[Task instructions]: Line for line, return the data exactly, omitting all pictures.

[Data below]:

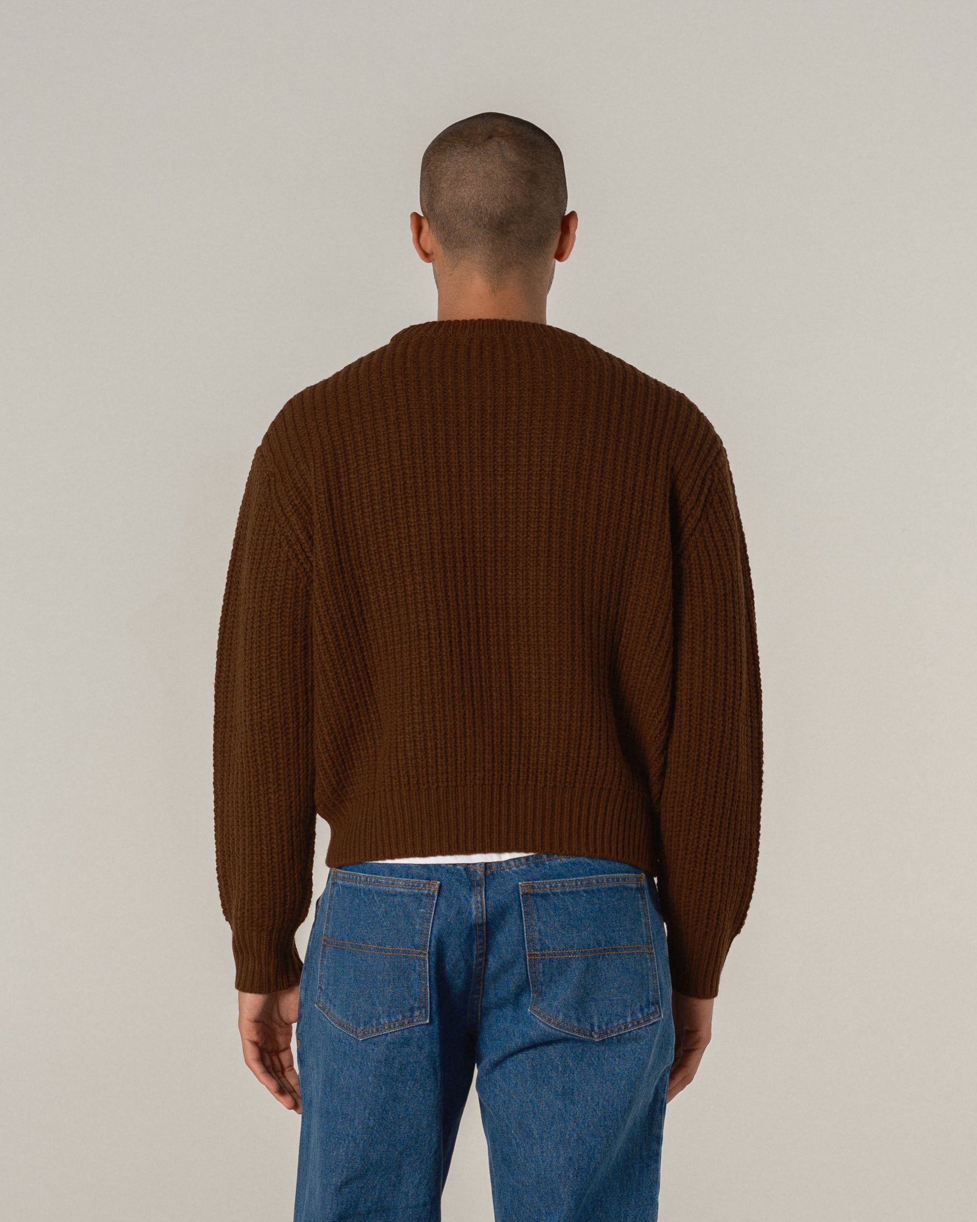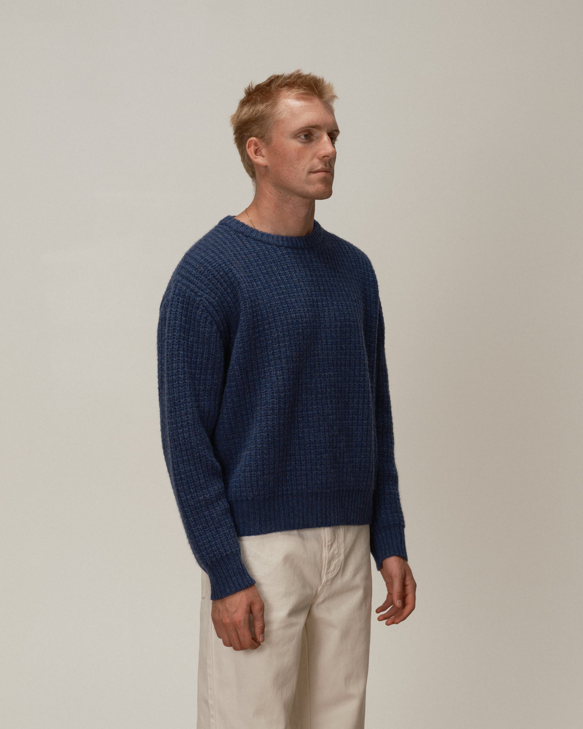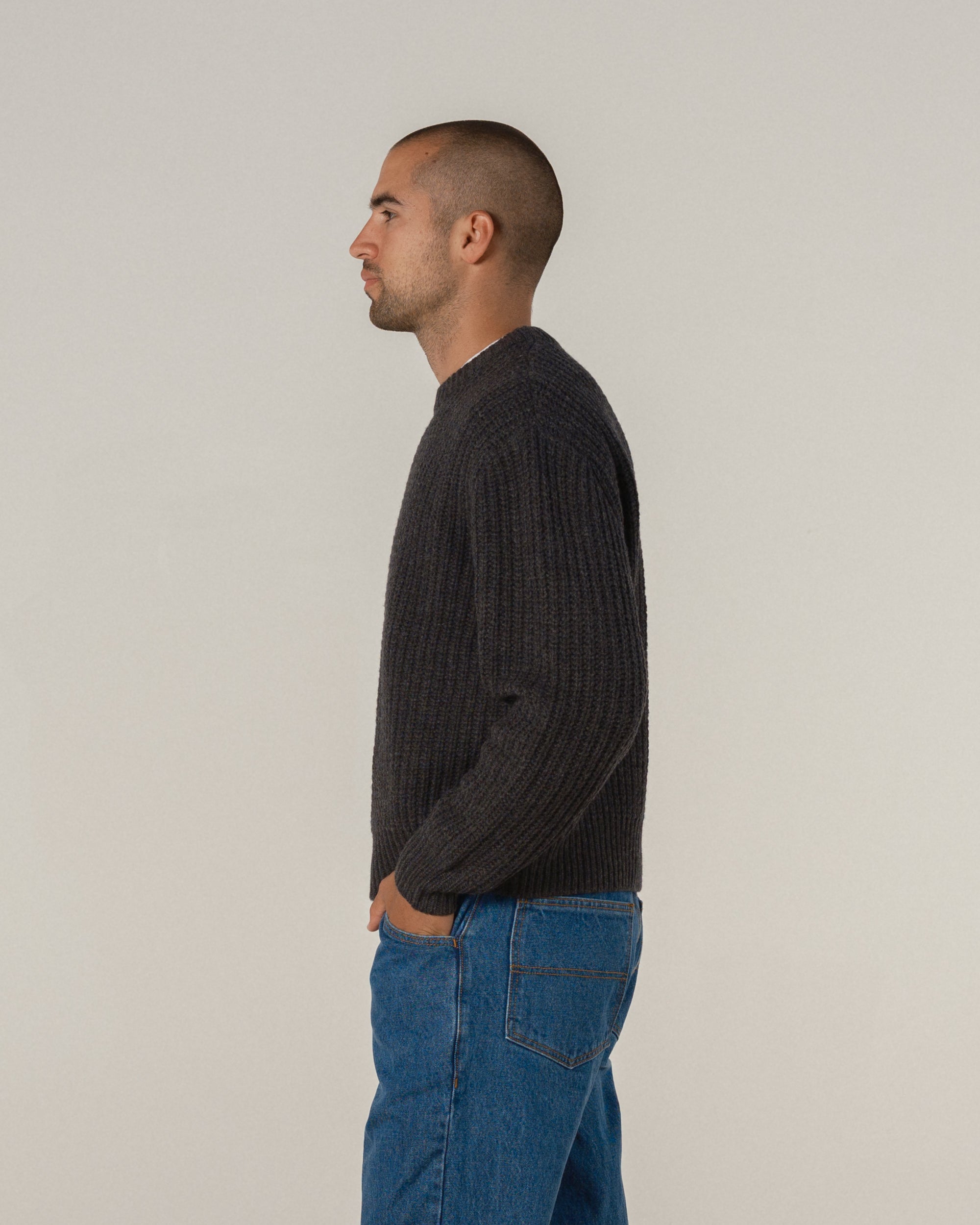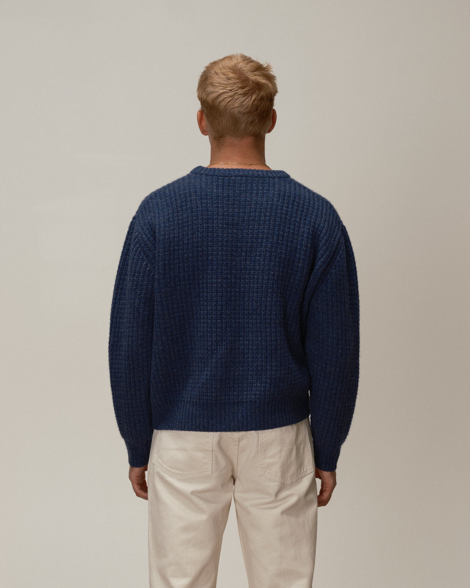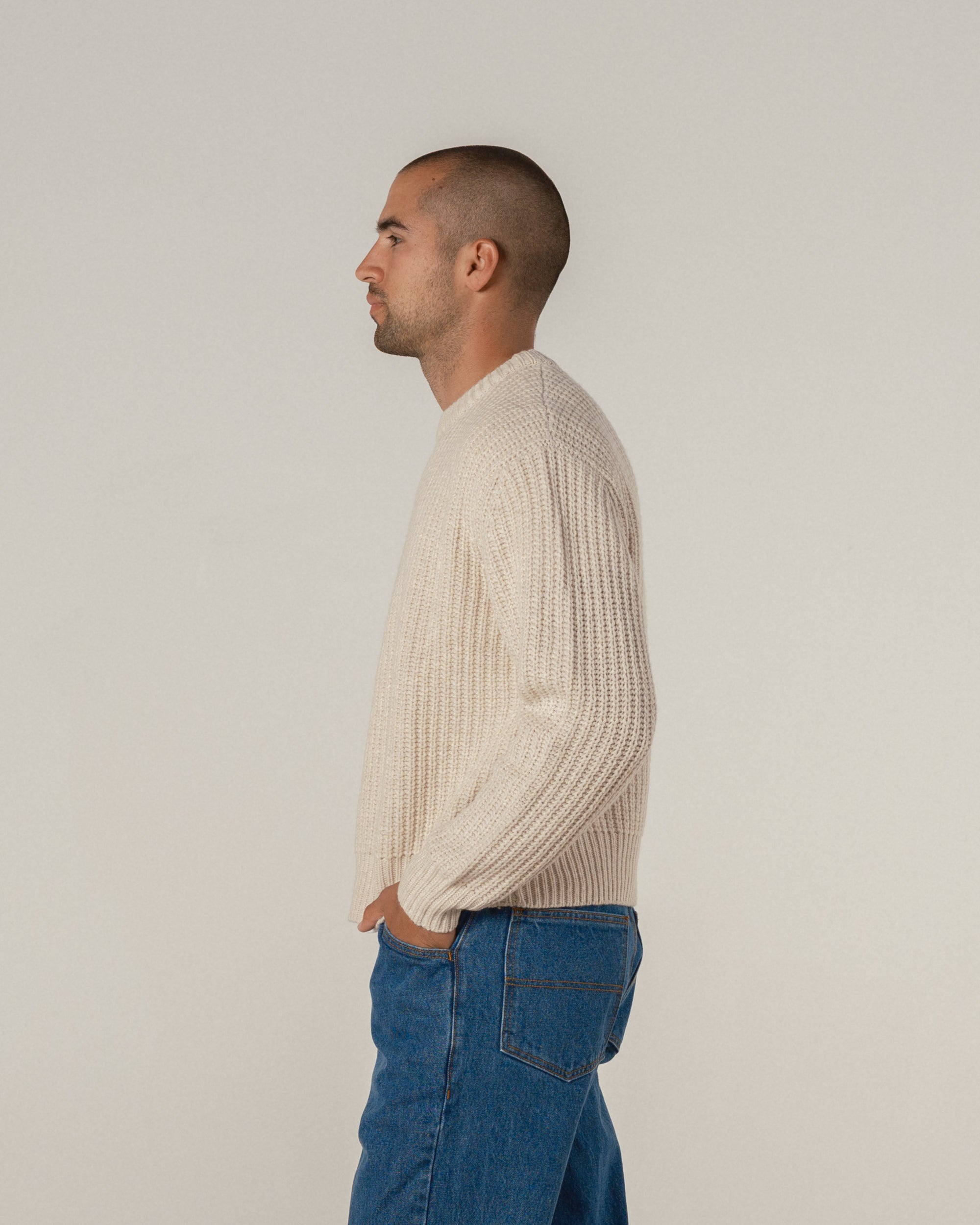 The Wool Fisherman Knit Sweater, the older sibling to our classic cotton fisherman knit. Featuring the same fit, this version is knitted with a 90/10 wool/cashmere blend yarn, meaning it has the longevity and quality of a wool sweater, but with enough cashmere to make sure it does not irritate your skin. These are perfect, if we do say so ourself.
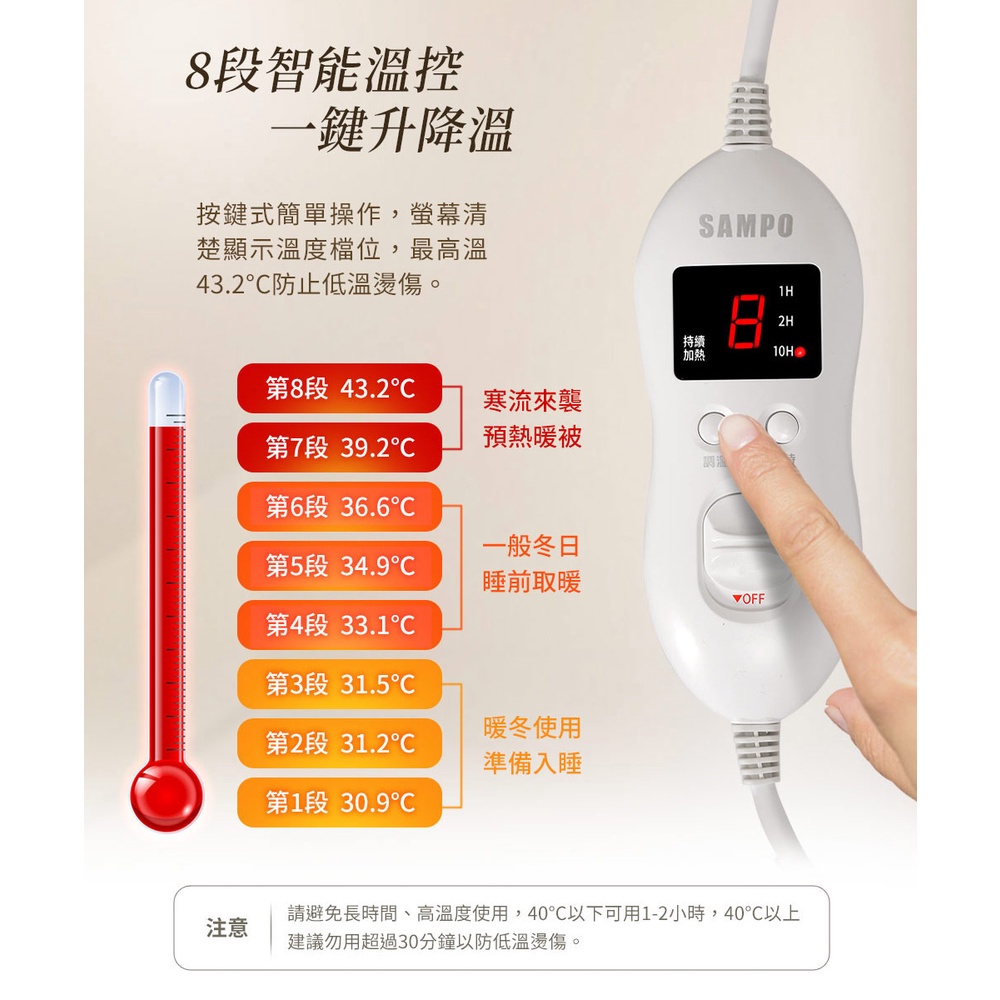 SAMPO聲寶 恆溫定時雙人電熱毯 HY-HA12
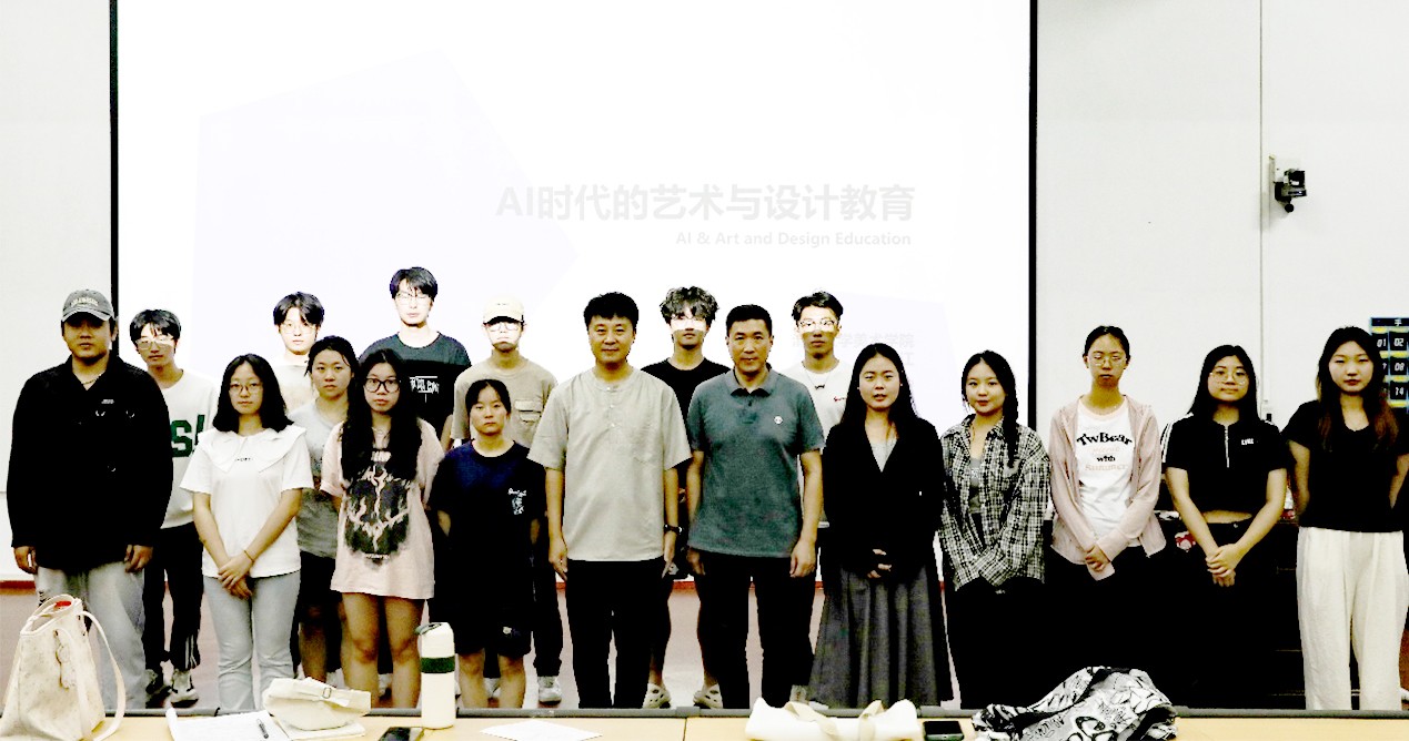 此次讲座不仅拓宽了学生的视野,也增强了他们对AI时代的艺术与设计教育的了解。最后,部分学生与杨东江教授进行合照,讲座在现场师生热烈的掌声中圆满结束!(胡婷烨/摄)

[Result]:
 The Wool Fisherman Knit Sweater, the older sibling to our classic cotton fisherman knit. Featuring the same fit, this version is knitted with a 90/10 wool/cashmere blend yarn, meaning it has the longevity and quality of a wool sweater, but with enough cashmere to make sure it does not irritate your skin. These are perfect, if we do say so ourself.
 SAMPO聲寶 恆溫定時雙人電熱毯 HY-HA12
 此次讲座不仅拓宽了学生的视野,也增强了他们对AI时代的艺术与设计教育的了解。最后,部分学生与杨东江教授进行合照,讲座在现场师生热烈的掌声中圆满结束!(胡婷烨/摄)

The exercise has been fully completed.